Digital archivists often have to contend with the difficulties of processing messy collections. They may have to deal with thousands of files on different media, which may cost more resources than the archives can afford to expend. For this reason many collections are only processed minimally.

Computers are commonly used to detect and deaccession duplicate files, but I believe we can go further. If software could automatically detect the connections between files and thereby identify edited versions of the same image or drafts of the same document, then that information could be invaluable to the archivist in discovering, navigating, and describing the contents of a digital collection.
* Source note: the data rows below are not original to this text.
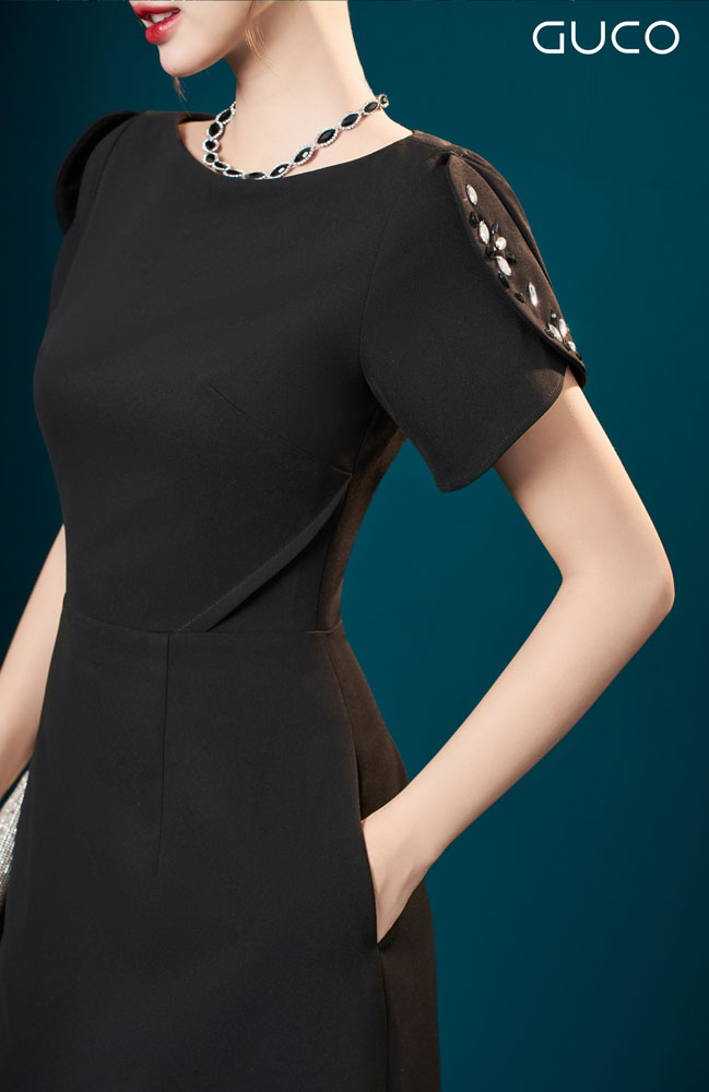 ĐẦM A DỰ TIỆC TAY ĐẮP ĐÍNH ĐÁ - ĐEN - 5028
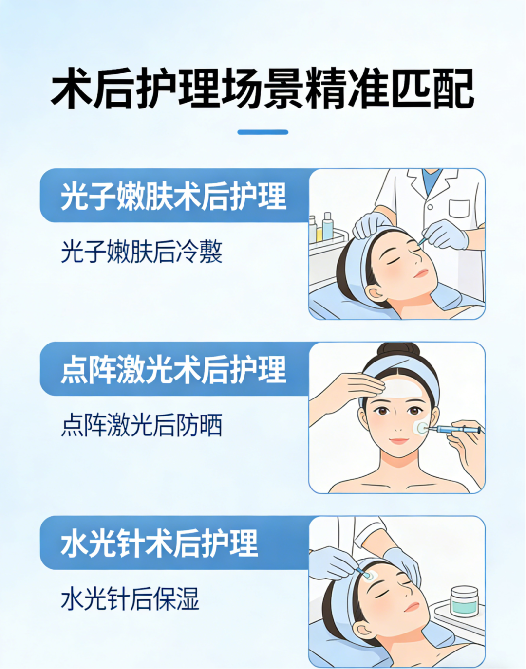 分波段精准输出,同步作用于表皮与真皮,适配光子嫩肤、点阵激光、水光针等多种项目术后护理。
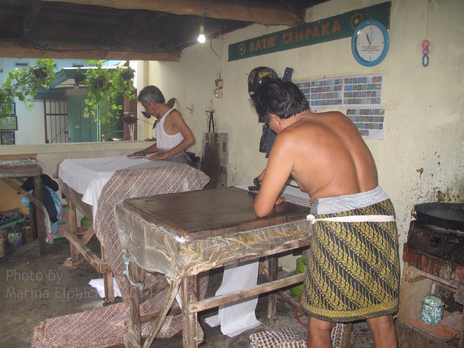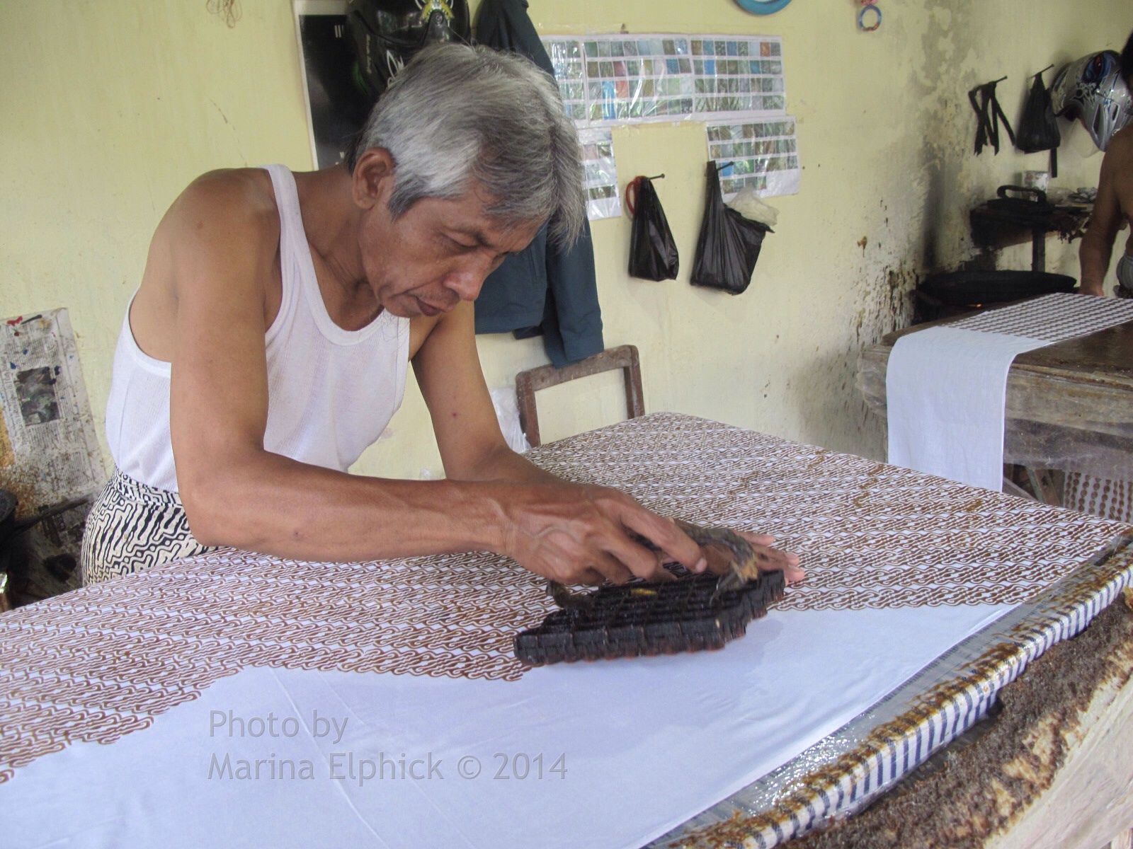 Batik by Bambang Darmo, an artist I visitedBambang Darmo in his gardenTatang and Mrs Arminah with their collaborative batik in progressMrs Aminah’s house and workroomMrs Yati working so perfectly with a cantingMufidah dyeing her batik in natural red Mahogany dyeMufidah with her work ready for next dyeBatik sarong by MufidahMrs Poniyem dyeing Aprat Koeswadji’s batik in his studio/ dye areaMen working with caps in a Solo workshopThe cap design is carefully matched and printed, there is no room for errorThe cap pattern is repeated right to the very edgesLate 19th century North Coast Javanese batik in the Danar Hadi museumNorth Coast Javanese batik, Danar Hadi museumWomen working in the Danar Hadi factory, a compellingly fascinating place to see, but resembling the working conditions of Earlier timesA man carefully uses a wax paper mask to create a curved edge to his cap printing, Danar Hadi batik factorySmall paper masks have prevented the background cap design from covering the flowers.Close up view of woman’s canting work, Danar Hadi batik factoryThe dye room at Danar Hadi factoryDye room with workers rinsing the completed batikThe huge rinsing baths at Danar Hadi Batik factoryLadies at work, Danar Hadi factoryWaxed, un-dyed batik just waiting for that dye bath that will bring it to life !Detail of a batik by Slamet RiyantoBatik by Slamet RiyantoBatik by Slamet RiyantoTatang at his gallery, Leksa GaneshaBatik by Tatang Elmy WibowoBatik by Agus Ismoyo and Nia Fliam

I am developing software, codenamed “Eltrovo”, that can identify similarity between files to determine whether they may represent versions of the same work. This automatic discovery process will empower archivists with a greater understanding and enable them to describe digital collections more effectively.

The slide deck for this presentation is available online at stjo.hn/infoshow24

St John Karp
St John Karp is a recovering novelist and computer programmer. He has just completed a master's degree in library and information science and will shortly be ejected from the thorny bosom of academia and back into the real world. During grad school he has done internships at the American Numismatic Society, New York City Health + Hospitals, the NewYork-Presbyterian/Weill Cornell Medical Archives, and the Horological Society of New York. He is a shy and timid creature most active during the crepuscular hours, and responds to soothing noises and non-conflict scones.